Activist silence over Sudan speaks volumes

Forces that mobilized over Gaza have, in the case of atrocities being committed in Sudan, fallen almost entirely silent

Sudan
Sudanese refugees who fled from the Rapid Support Forces (Getty)

The city of El Fasher, long a symbolic and strategic stronghold in Darfur, has in recent days become the site of atrocities so grave that the United Nations has openly warned of the risk of genocide. Videos reviewed by the Office of the High Commissioner for Human Rights show scores of unarmed men executed in cold blood, some lying dead at the feet of Rapid Support Forces fighters, others dragged off and detained. Journalists and aid workers have disappeared. The last remaining functional hospital was shelled, killing patients and staff. The Saudi Maternity Hospital, once…

The city of El Fasher, long a symbolic and strategic stronghold in Darfur, has in recent days become the site of atrocities so grave that the United Nations has openly warned of the risk of genocide. Videos reviewed by the Office of the High Commissioner for Human Rights show scores of unarmed men executed in cold blood, some lying dead at the feet of Rapid Support Forces fighters, others dragged off and detained. Journalists and aid workers have disappeared. The last remaining functional hospital was shelled, killing patients and staff. The Saudi Maternity Hospital, once a rare lifeline, is now a mass grave.

Volker Türk, the UN High Commissioner for Human Rights, has confirmed that his office is receiving “multiple, alarming reports” of summary executions and ethnically motivated killings. He has also warned of sexual violence, the targeting of civilians, and the use of starvation as a weapon.

In January 2025, the United States government officially recognized the situation in Darfur as a genocide. That designation was based on documented patterns of targeted violence against the Masalit and other ethnic groups, carried out by the RSF with deliberate and systematic brutality. What is happening in El Fasher now appears to be a continuation of that same pattern, on a new and terrifying scale.

Yet despite this, global attention has been almost non-existent. There are no viral campaigns, no slogans echoing across protest marches, no campus occupations. The cultural and political forces that mobilized with speed and intensity over Gaza have, in the case of Sudan, fallen almost entirely silent. The contrast is stark.

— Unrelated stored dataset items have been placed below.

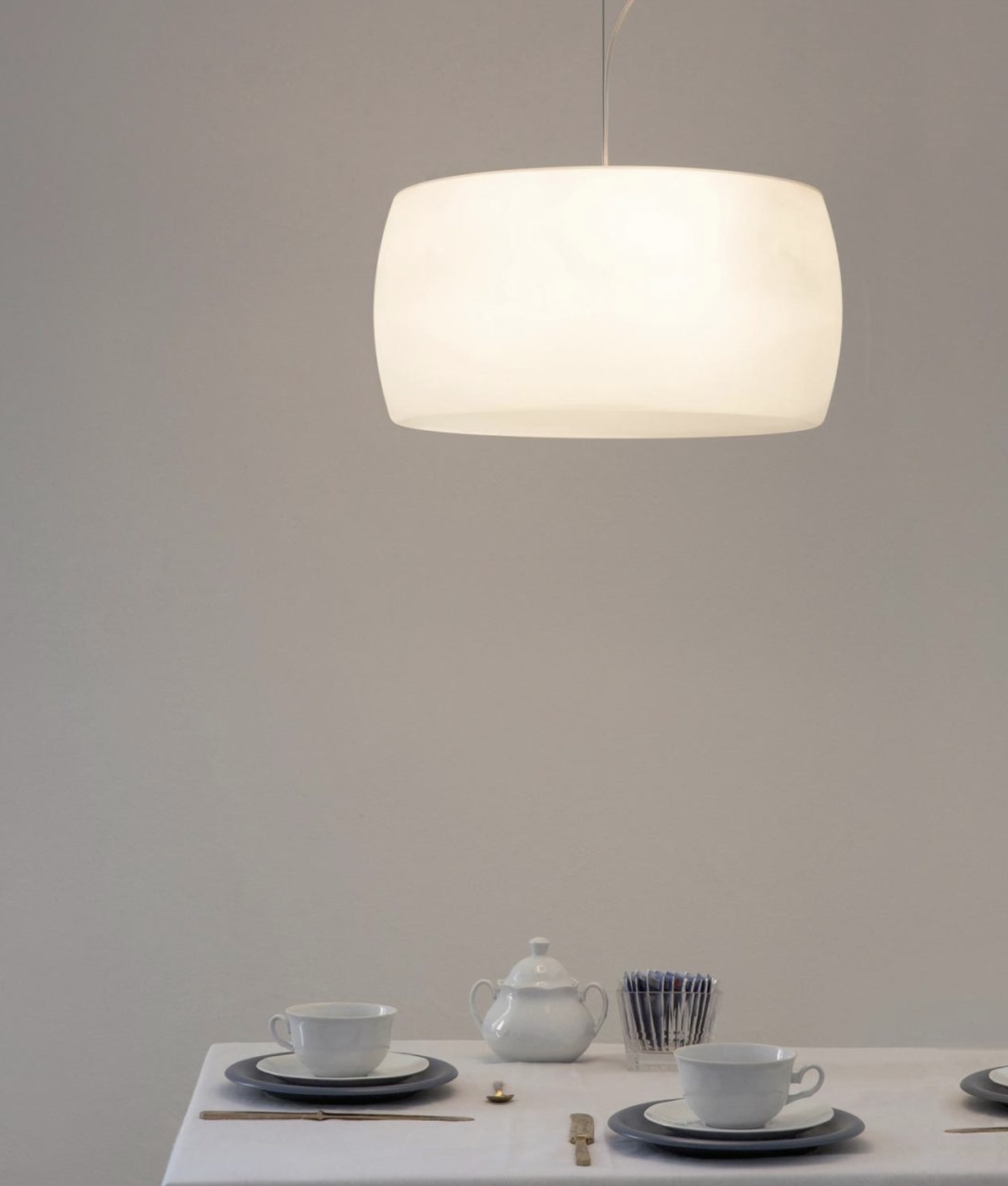 A circular diffuser in opal white triplex blown glass encloses a central structure in shiny polished die-casted aluminum from which the light diffuses uniformly.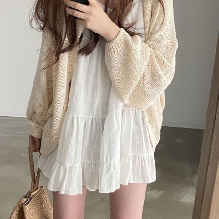 Spaghetti Strap Plain Tiered Mini A-Line Dress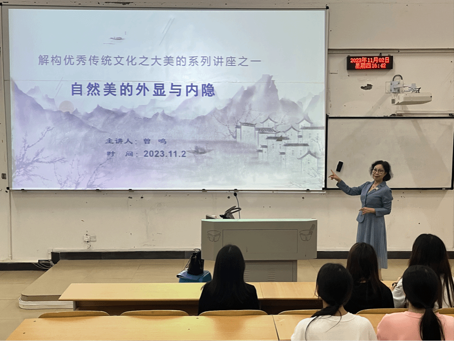 讲座中,曾鸣副教授从分析探讨中华优秀传统文化的自然美角度,通过关于“文化”的定义及民族文化传承的意义、关于“美”的概念及“美育”功能以及中华优秀传统文化中的自然美探析三部分内容讲解,佐以丰富的视频、图片等资料的展示,引导学生从理性层面认识和理解优秀传统文化自然美的外显和内隐,从而吸取中华优秀传统文化精髓,增强文化自觉。曾教授特别谈到,中华优秀传统文化之自然美所追求的最高层面在于对人的尊崇,是倡导“天人合一”的顺其自然之美,是“合和之美,美美与共”,要坚持崇尚自然,绿色发展,为共建人与自然和谐的美丽中国而努力。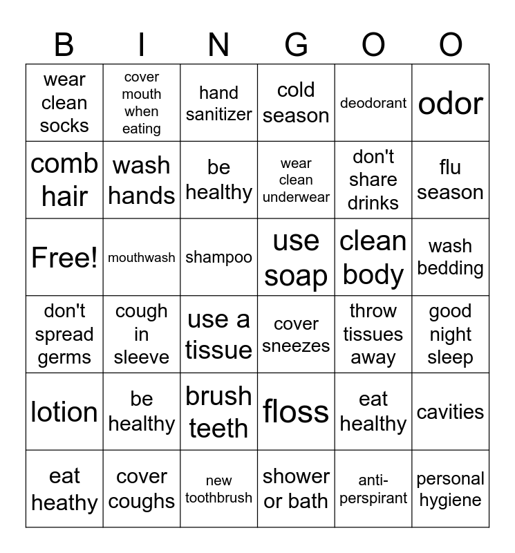 This bingo card has 36 words: floss, brush teeth, shower or bath, comb hair, don't spread germs, use soap, wash hands, new toothbrush, deodorant, eat healthy, flu season, cold season, cavities, mouthwash, wear clean underwear, wear clean socks, lotion, clean body, Free!, hand sanitizer, shampoo, cough in sleeve, cover sneezes, use a tissue, throw tissues away, cover mouth when eating, don't share drinks, cover coughs, be healthy, odor, personal hygiene, eat heathy, good night sleep, wash bedding, be healthy and anti-perspirant.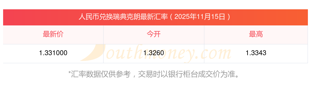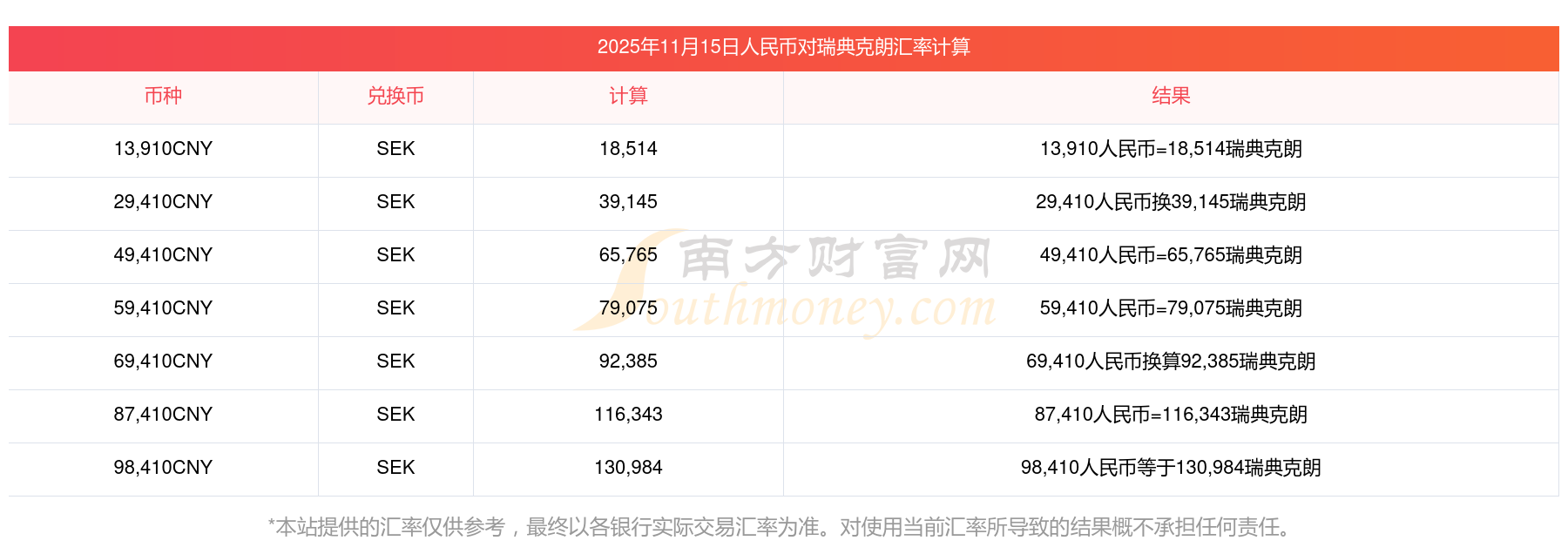 今日人民幣匯價(jià):2025年11月15日39人民幣兌瑞典克朗匯價(jià)一覽表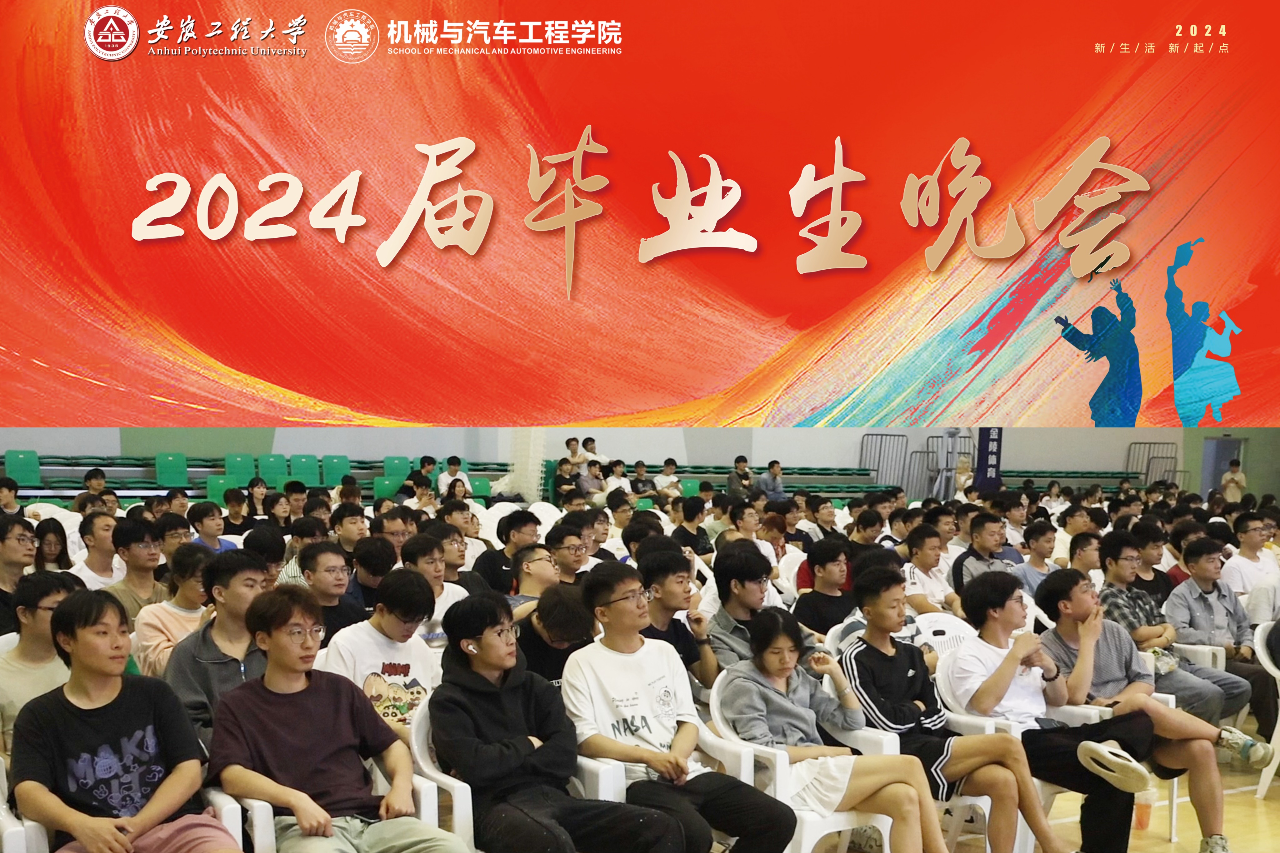 毕业晚会在全体工作人员和表演人员的合影中落下帷幕。此次晚会的成功举办,不仅为2024届毕业生留下了美好的回忆,亦丰富了新校区的校园文化。衷心祝愿全体2024届毕业生能够带着母校的祝福,勇敢追逐梦想,书写属于自己人生篇章。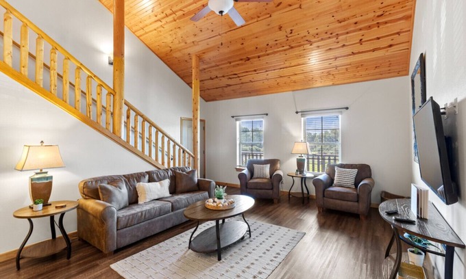 This fully furnished 3-bedroom condo boasts two master suites featuring king-size beds with ensuite baths, as well as a cozy loft bedroom with a queen bed and additional bathroom facilities. Each room is equipped with Smart TVs and premium linens, ensuring you feel at home during your stay. The fully equipped kitchen allows you to prepare meals effortlessly, while the communal amenities include charcoal grills and a refreshing pool, perfect for post-wedding relaxation. Plus, with our partnerships with local tubing companies and wedding venues, you can easily enhance your special occasion with unique experiences.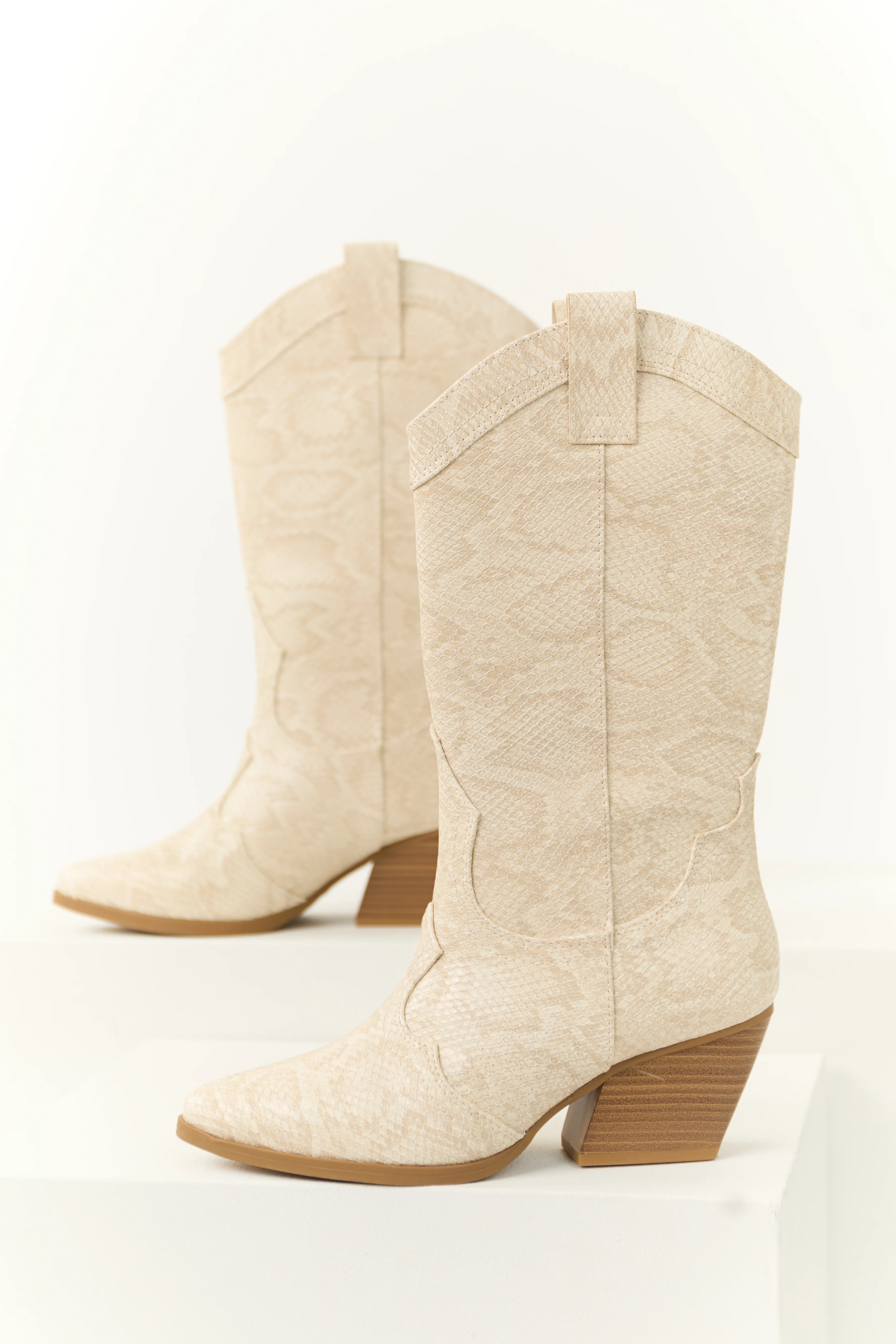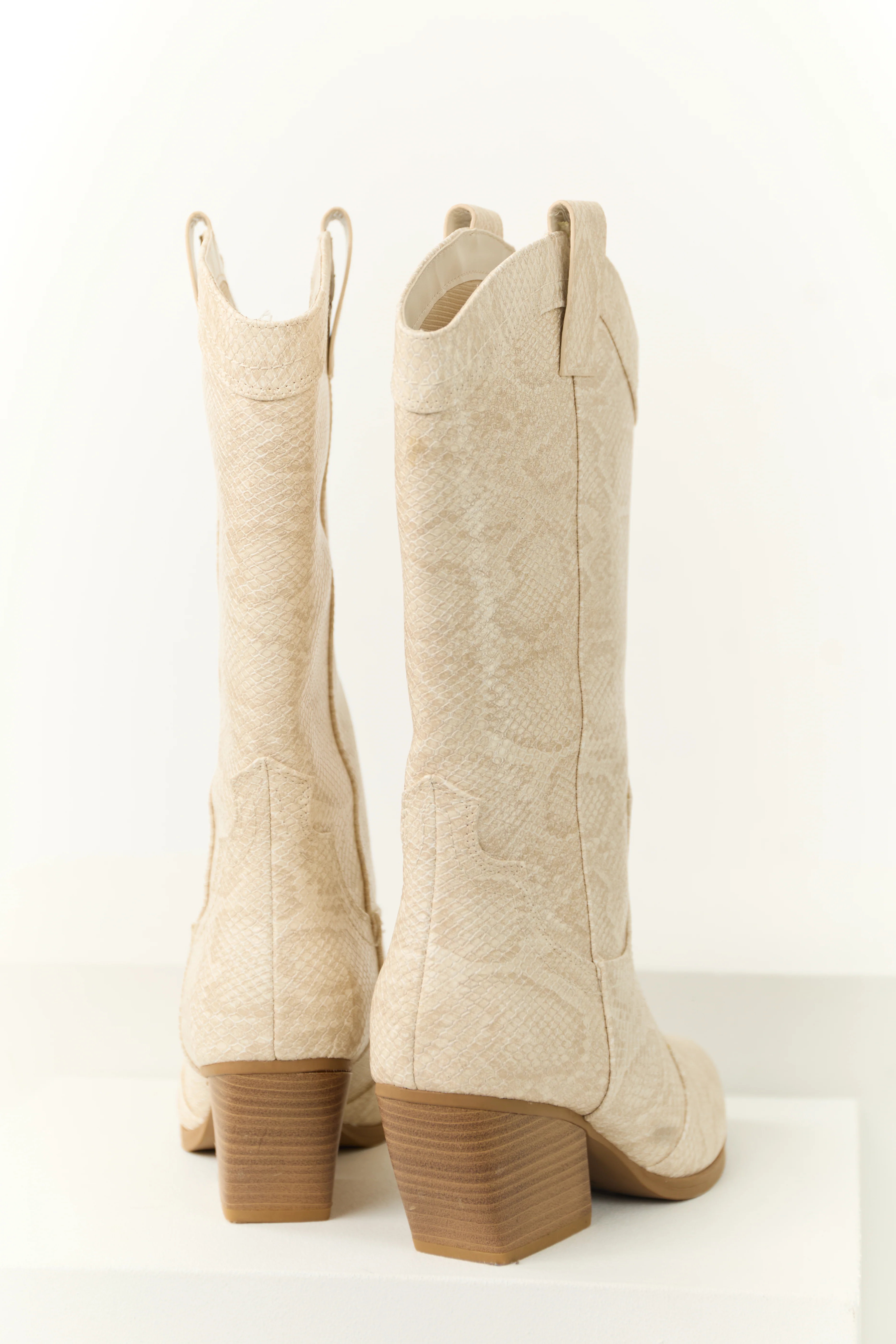 Vanilla Snakeskin Pattern Tall Western Boot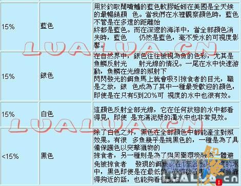 人们对顏色有很多误解,尤其是对鱼所能看得见的顏色究竟有多少种这个问题,误解更多。在这裡,我们只谈在垂钓方面產生实际效果的顏色的应用,并将之限制為9种可在自然界中找到的色彩,这些色彩為红、紫、橙、黄、青、蓝、银、白和黑。以正為从拟饵应用的歷史中,及各种不同清晰度的水域,从水底长时期观察各种顏色所得之发现。

The numbers speak with grim clarity. The Sudanese conflict has killed at least 150,000 people, displaced over ten million, and according to some reports starved thousands of children. Entire cities have been razed. Bodies lie buried in shallow graves along roadsides. And still, the attention from media, advocacy groups, and international institutions pales into insignificance when compared with the hysteria over Gaza.

This dissonance raises uncomfortable questions. Why does a genocide carried out by paramilitaries with a documented record of mass atrocities provoke so little public response? Why has the legacy of the Janjaweed, now rebranded as the RSF, not inspired the same moral mobilization as other contemporary crises? It cannot be for lack of evidence. Nor can it be due to the complexity of the conflict, for the situation in Gaza is hardly less contested or politicized. The absence of Sudan from the activist conscience is hard to explain.

Perhaps it’s a case of ideological selectivity. The Gaza conflict fits into a broader matrix of anti-colonial, racial and political narratives that have been adopted by global protest movements. Sudan, by contrast, does not map easily onto these frameworks. There are no obvious Western powers to blame, no clean dichotomy of occupier and occupied. And so, the killing of Sudanese civilians, even on genocidal terms, fails to galvanize.

This is not an argument about proportionality. Every innocent civilian death is a tragedy, whether in Gaza, Sudan, or anywhere else. But the silence around Sudan is not merely an oversight. It is a revealing index of what captures the moral imagination of the world, and what does not. It suggests that certain atrocities only gain traction when they resonate with a pre-established political script, however transparently manipulated.

Dr Tedros Adhanom Ghebreyesus, head of the World Health Organization, has called the El Fasher hospital attack “horrific” and reiterated that “health care is not a target.” The Sudanese Journalists’ Syndicate has demanded the release of Muammar Ibrahim and warned that communications blackouts are placing civilians and reporters at grave risk. Such pleas relating to hospitals and journalists may sound familiar from a war where one side openly and deliberately abused medical facilities and the guise of journalists to carry out brutal terrorism and killing: that in Gaza. And still, in this case, the world barely blinks.

Sudan does not lack for suffering. What it lacks is a globalised network of advocacy targeting our media, schools, universities, pop concerts, fashion designs, and cultural institutions. The very experts and campaigners who demand accountability elsewhere must now be asked: why have they gone quiet here? If the war in Gaza is paused why has none of their energy to write open letters and organise marches been directed toward the dying in El Fasher?

I know the answer. Do you?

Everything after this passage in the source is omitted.